III. These are the last and crowning means of Christianity; everything else, by whatever name you call it, belongs to the three first signs. And what a fondness we have for these signs, the picturesque and the striking! But what do they gain who seek to embellish the church with a gorgeous architecture; who cultivate the sublimity of domes and capitals; who subdue by a solemn colouring the very light that falls upon the worshippers; who place in imposing situations the picture, the statue, the emblem; who burnish their altars with gold, and bring to the holy crucifix the homage of tapers and the genuflexions of surplice and mitre; who enter the assembly with the music of chanted litanies, and terrify the people by the thunder of anathemas? The Lord is not in the architecture, the picture, the music, the pomp; you see no more here than the three signs of the prophet. You must seek the Lord in the voice of the conscience; this is the sign of the gospel dispensation—the word, and not the picture; Christ, and not the crucifix; the Holy Ghost, and not the seven candles.
IV. If we stop with the three signs, we go no farther than the heathen. The negro falls down before the whirlwind and the earthquake, and cries, Lo! God is here! The Parsee worships the shining fire. But their impressions are sensuous and temporary; fading before the heart is touched, for the still small voice of instruction is wanting. Look at the people around us! We see whole nations prostrate before the three signs. To the Hindu the splendours of Hinduism are the whirlwind, the earthquake, and the fire; and his homage is fear and admiration. When I have seen an idol arrayed in traditionary terrors, and magnificently paraded through the streets of a large native town—and in the night too—and when ten thousand human beings have pressed near to worship amid the gleaming of innumerable torches of coloured lights, and rockets and candles of every device shooting up into the air, and when the priests have sung in solemn cadence, and the multitudes have shouted their acclamations, I have caught the prevailing awe.
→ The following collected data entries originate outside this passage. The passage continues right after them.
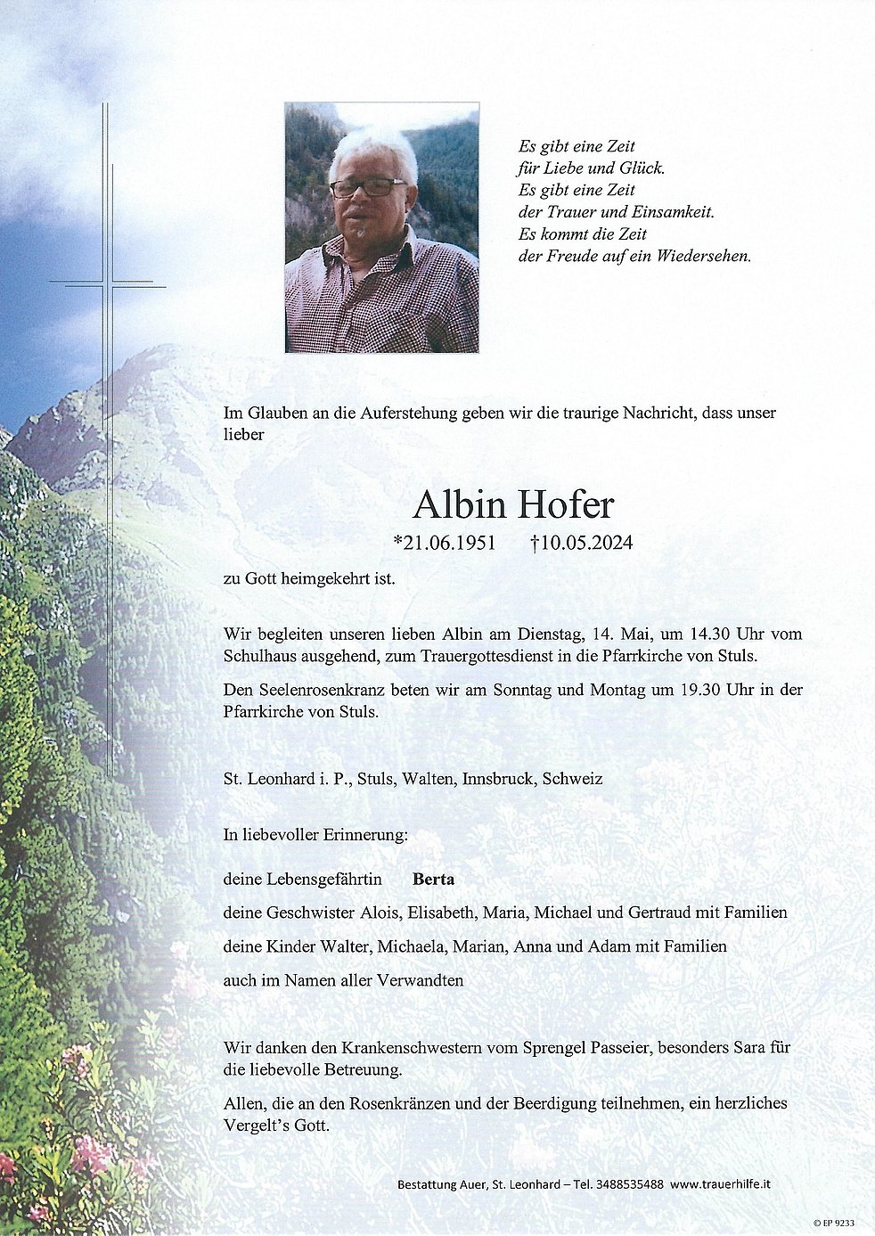 Wir begleiten unseren lieben Albin am Dienstag, 14. Mai, um 14.30 Uhr vom Schulhaus ausgehend, zum Trauergottesdienst in die Pfarrkirche von Stuls.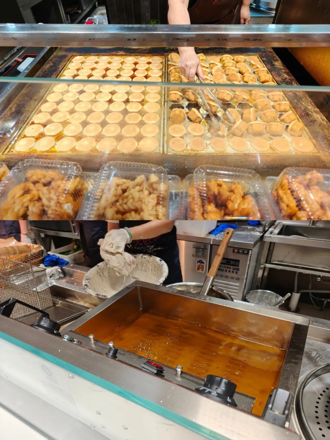 消費者在店內(nèi)能直觀看到:員工在操作高溫油鍋現(xiàn)炸薯條、掛在吊爐上的烤鴨還在滴油、醬香餅千層餅都有專門的操作廚具、老式蛋糕也是現(xiàn)場明檔制作后從烤箱中取出直接銷售。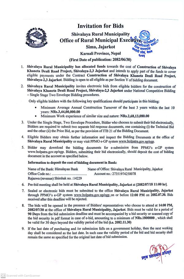 Invitation for Bids for construction of shivalaya khaneta deuli road project, shivalaya-2,3 jajarkot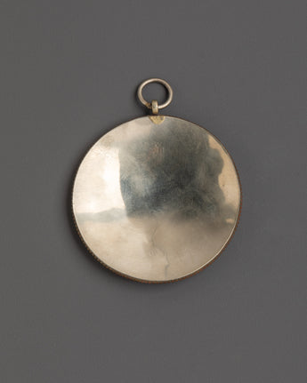 This Handcrafted White Metal Melong Mirror is a powerful spiritual artifact designed to foster wisdom, clarity, and insight. Made from a combination of white metal and copper, this mirror measures 9.5 cm in height and 7.5 cm in width. Weighing just 0.034 kg, it is both lightweight and substantial, making it ideal for ritual use or as a meaningful decorative piece. The mirror symbolizes the clarity of the mind, helping to remove illusions and dispel ignorance.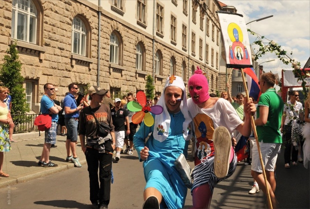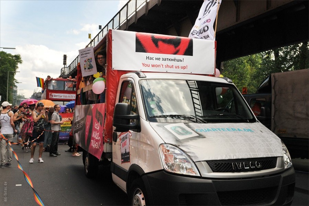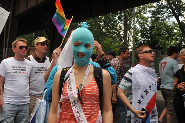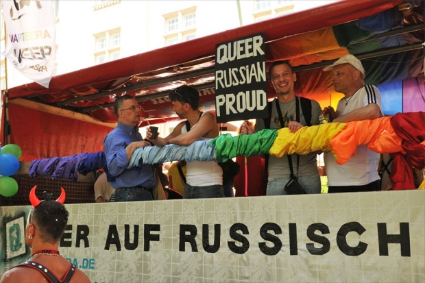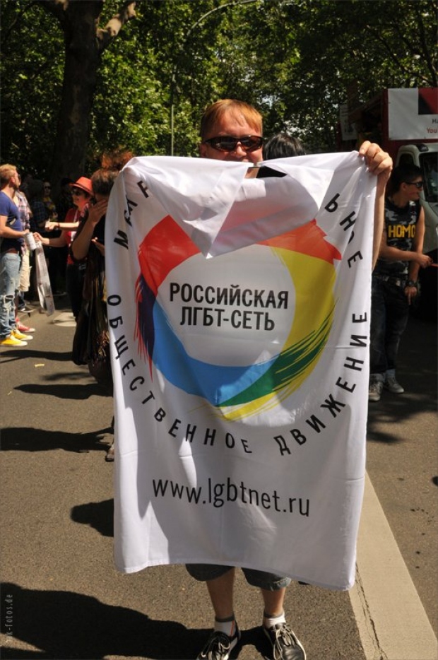 Несколько плакатов были посвящены гомофобии в России, отмечает агентство. Так, участники приготовили гигантские портреты президента РФ Владимира Путина и премьер-министра Дмитрия Медведева в красочном стиле фотохудожников Пьера и Жиля. На плакатах было написано «Нет гомофобии в России», а на футболках — «Не смотрите на меня, по российским законам вы от этого станете геем». Несколько человек своими костюмами намекали на поощрение гомофобии со стороны РПЦ.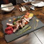 店名は「KAIHAMI CARNE」。「CARNE」はイタリア語で肉だから主に肉を食べさせる店だろうと思った。「KAIHAMI」は何だろうと後で調べてみたら、店主(シェフ)の苗字で貝岐(かいはみ)さんだそう。珍しい苗字だ。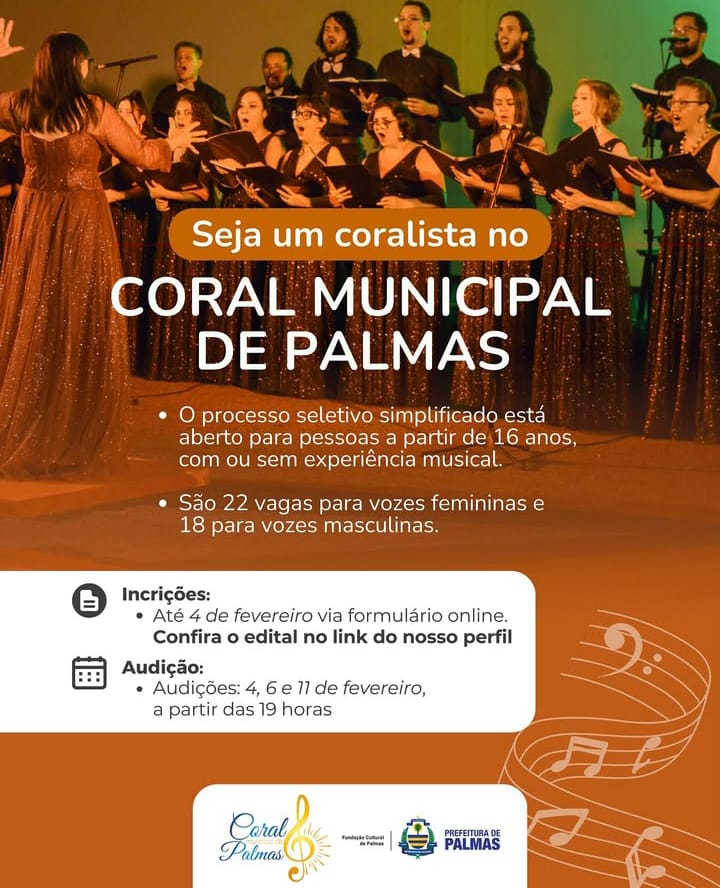 Quer fazer parte do Coral Municipal de Palmas em 2025? As inscrições já estão abertas! A Fundação Cultural de Palmas seleciona novos cantores para integrar o grupo neste ano. São 40 vagas disponíveis para maiores de 16 anos, sem exigência de formação musical. Inscreva-se até 4 de fevereiro via formulário online (link no perfil) Audições […]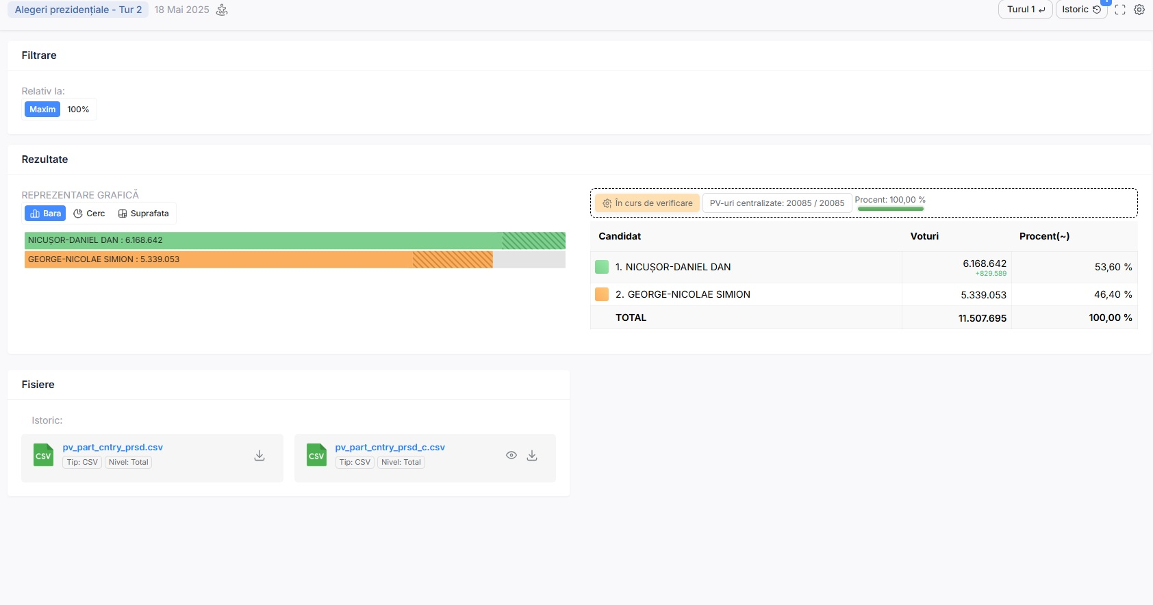 По мере подсчёта бюллетеней вечером 18 мая ситуация на табло изменилась. Если на старте голосов больше набирал Симион, то позже преимущество постепенно перешло к Дану. Итоговый расклад после обработки 100% бюллетеней оказался таков: за Никушора Дана проголосовали 53,60% избирателей, а за Джеордже Симиона 46,40%. Таким образом, кресло президента достаётся столичному мэру.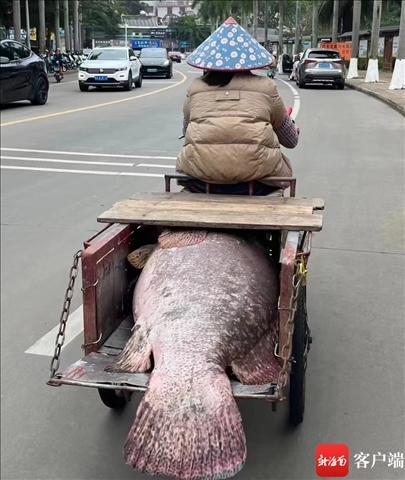 ·近日,海口一漁民釣到一條重約200斤的罕見(jiàn)巨型石斑魚(yú)。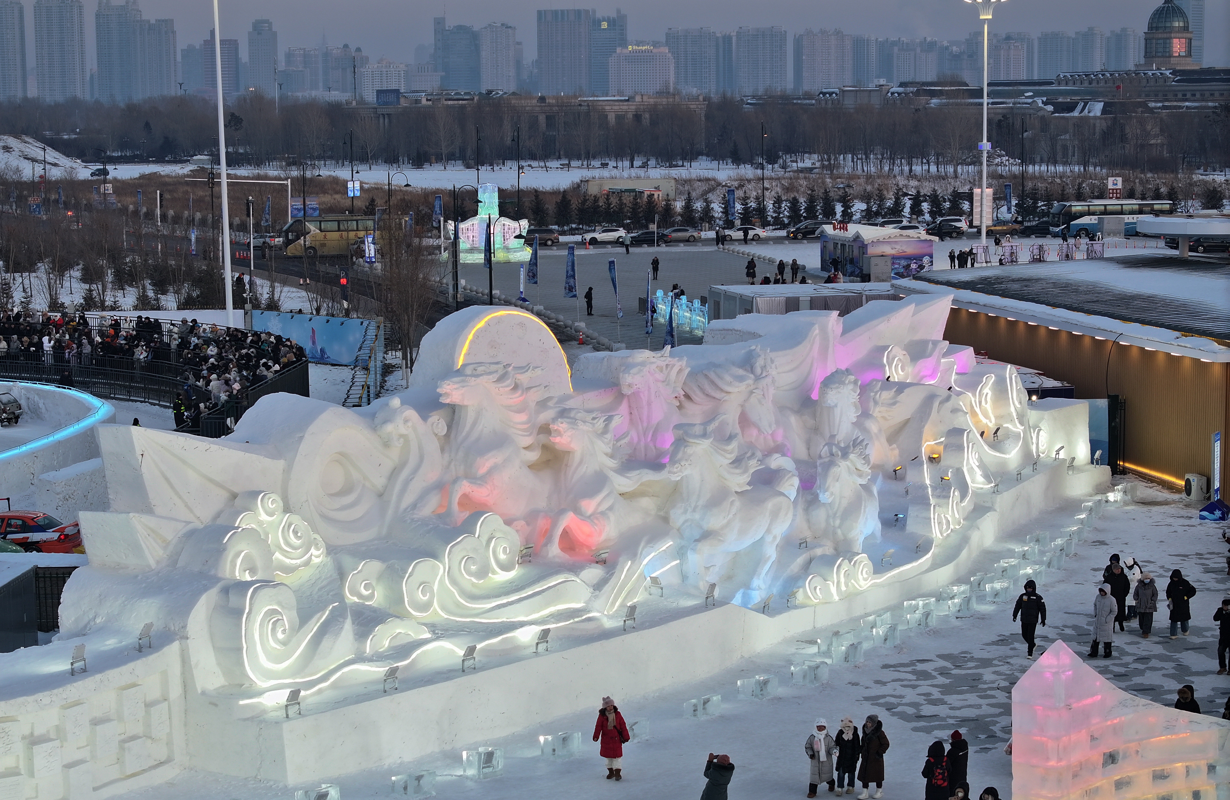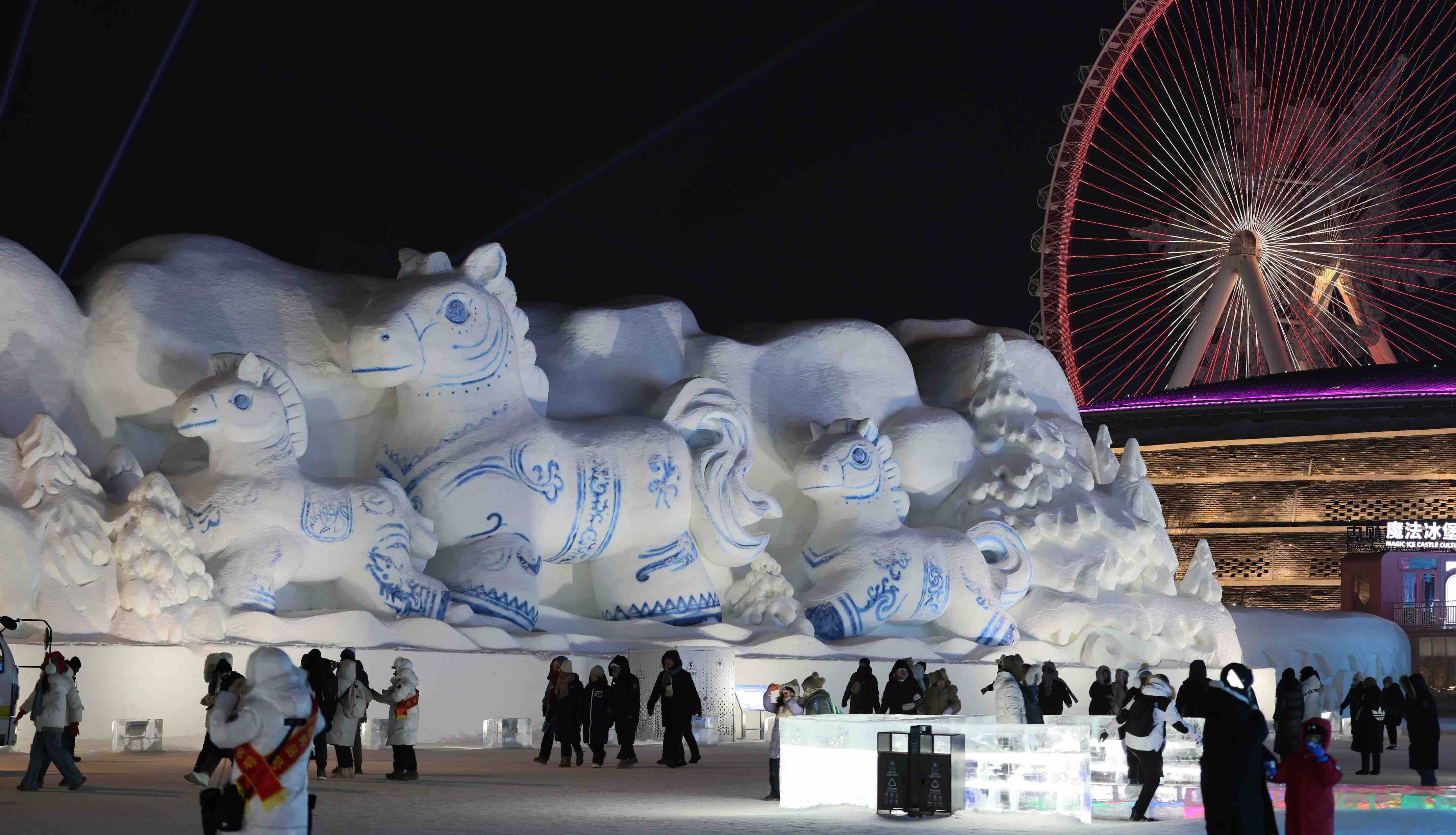 马年将至,哈尔滨冰雪大世界园区内,以“马”为主题的冰雕雪塑作品群惊艳亮相,成为游客争相打卡的焦点。晶莹的冰雕骏马昂首腾跃,雪塑的马群栩栩如生,在灯光映衬下流光溢彩,仿佛将北国冬日的活力与新春的喜庆融为一体。游客们驻足观赏,用镜头记录这独特的艺术盛宴,寒风中涌动着对新春的美好期许。 订阅后可查看全文(剩余80%)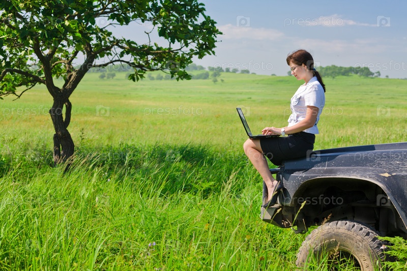 Красивая молодая девушка в деловом костюме сидит на капоте автомобиля и держит в руках ноутбук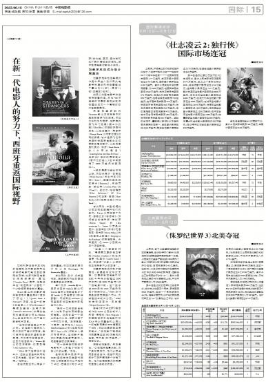 - 《壮志凌云2:独行侠》国际市场连冠上周末,环球影业的《侏罗纪世界3》在57个国际市场中上映——在其中52个市场中排名第一——收获国际周...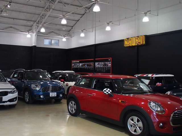 BMWの認定中古車を見ていく河口さん。さすが元倉庫というだけあり、天井も高くて非常に大きな作りになっています。奥に歩いていくと、MINI NEXT勝ちどきを発見しました。MINIがおよそ20台ほど並んでいるのを眺めて、テンションが上がる河口さんでした!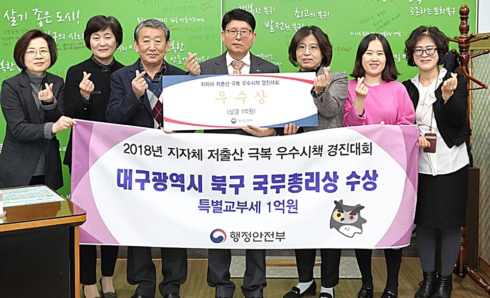 대구시 북구청(청장 배광식)이 ‘2018 지자체 저출산 극복 우수시책 경진대회’에서 국무총리상을 수상했다.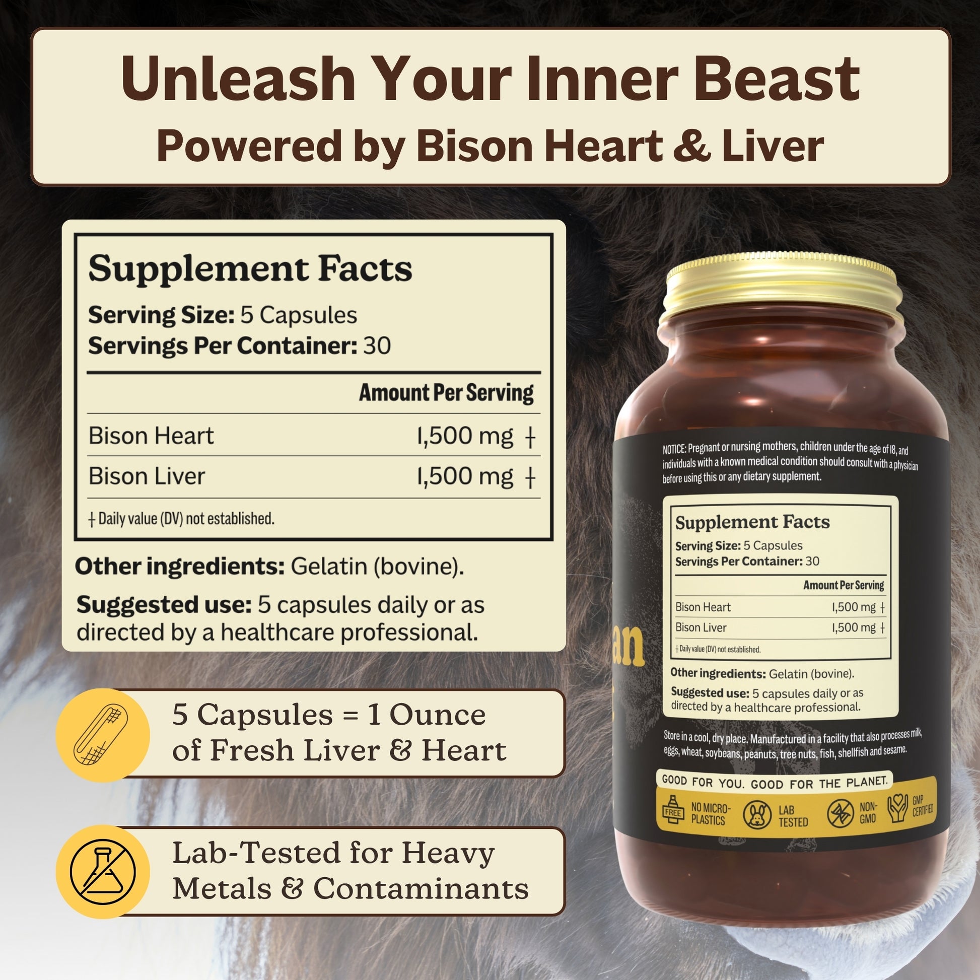 A powerhouse blend of bison liver and heart to fuel strength and stamina.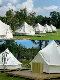 🏕️ The soft tent feels like a cloud, equipped with moisture-proof mats and sleeping bags!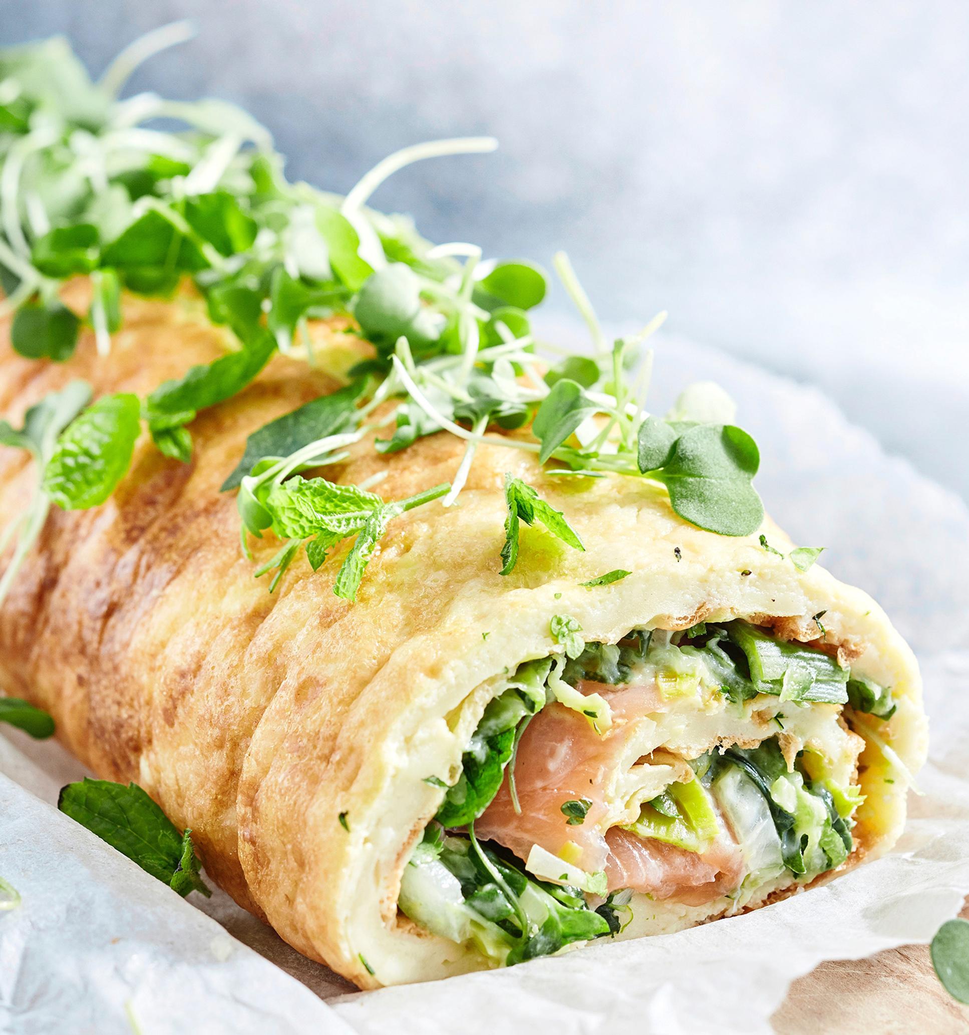Kääräise uunimunakas rullalle ja täytä lohella ja keväisellä kasvis-sulatejuustotäytteellä. Helppoa, täyttävää ja hyvää. Munakasrulla maistuu kylmänä ja lämpimänä.

With all my better knowledge, I could not resist the terror and beauty of the spectacle; but the Lord was not there. The multitudes returned to the homes with an intoxicated sense, and a fevered imagination; but no silent voice to instruct and win them to God. But I have taken one of those Hindus whom the earthquake and the fire had dazzled, but not changed; I have drawn him away from the three signs, and invited him to await with me for the fourth; and while we listened a still small voice spoke in our hearts; and when he heard it, he wrapped his face in his mantle, and cried, What must I do to be saved? And the effect of that voice was a new heart and a new life. It was the silent winning of Calvary, and not the fiery testimony of Carmel. It was not Moses or Elijah thundering forth the law upon the senses, but Jesus breathing truth and grace into the soul.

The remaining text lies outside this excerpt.